Assignment =
Transcribe the full listing below, word for word, without pictures.

*** The data Section Begins ***

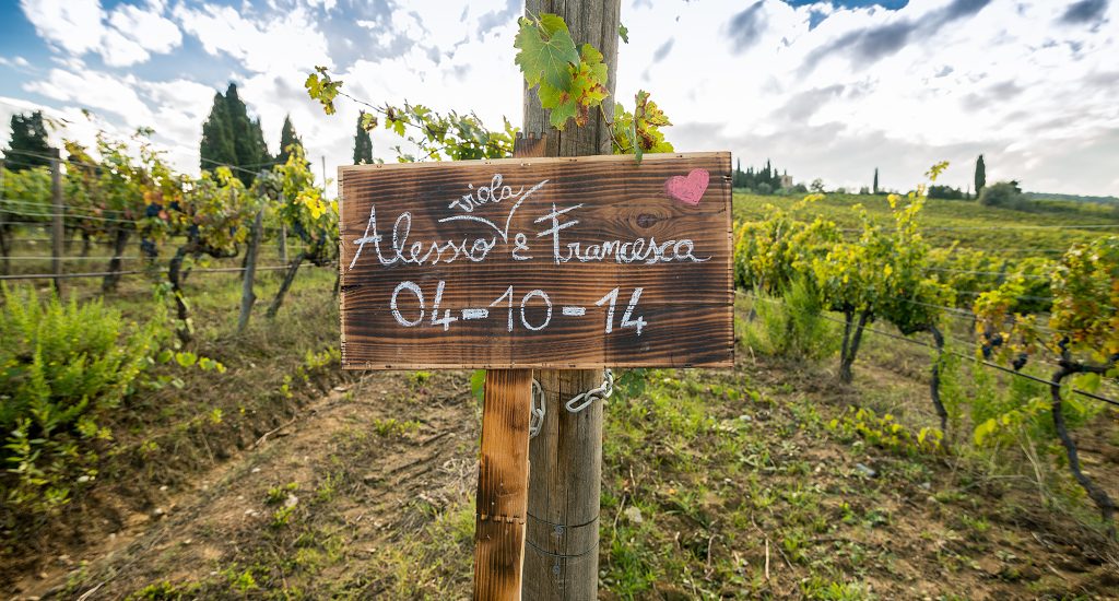 With Alessio and Francesca we chose as a location the vineyards of the Estate of Capezzana in Carmignano. Led by the father of the bride, we found a very special place called Il Versò (The Verso’). It is a small laurel grove with a round table stone in the middle, and a circular seat where in times long past the “braid” was made by local women, during the summer time.
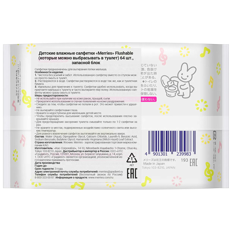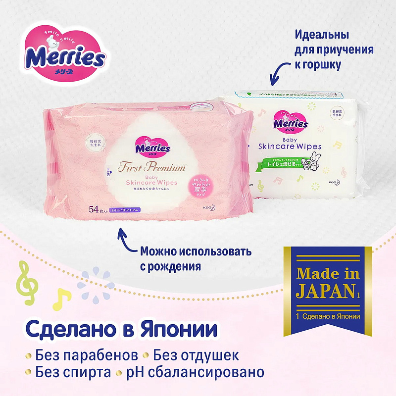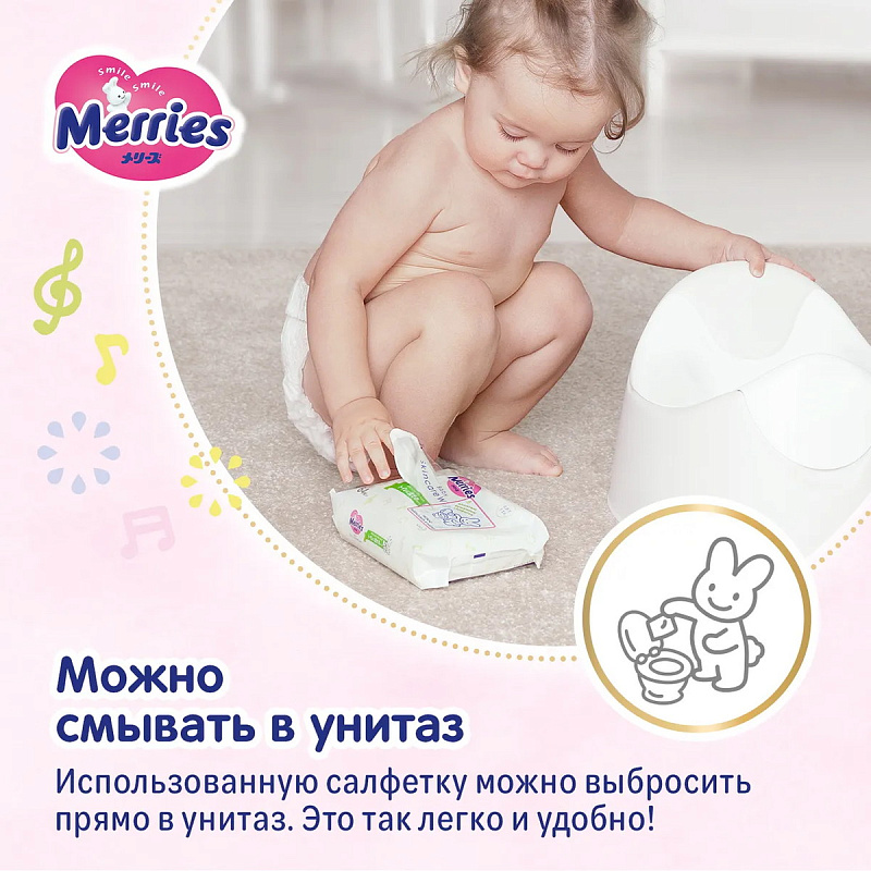 Детские влажные салфетки Merries Flushable 64 шт. запасной блок 194840 New
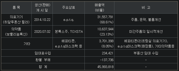 히알루론산 필러(69%), 보툴리눔 톡신(23%), 기타(8%, 리프팅 실, 마스크팩, 임대 등)

*** The data Section Ends ***

Task result =
 With Alessio and Francesca we chose as a location the vineyards of the Estate of Capezzana in Carmignano. Led by the father of the bride, we found a very special place called Il Versò (The Verso’). It is a small laurel grove with a round table stone in the middle, and a circular seat where in times long past the “braid” was made by local women, during the summer time.
 Детские влажные салфетки Merries Flushable 64 шт. запасной блок 194840 New
 히알루론산 필러(69%), 보툴리눔 톡신(23%), 기타(8%, 리프팅 실, 마스크팩, 임대 등)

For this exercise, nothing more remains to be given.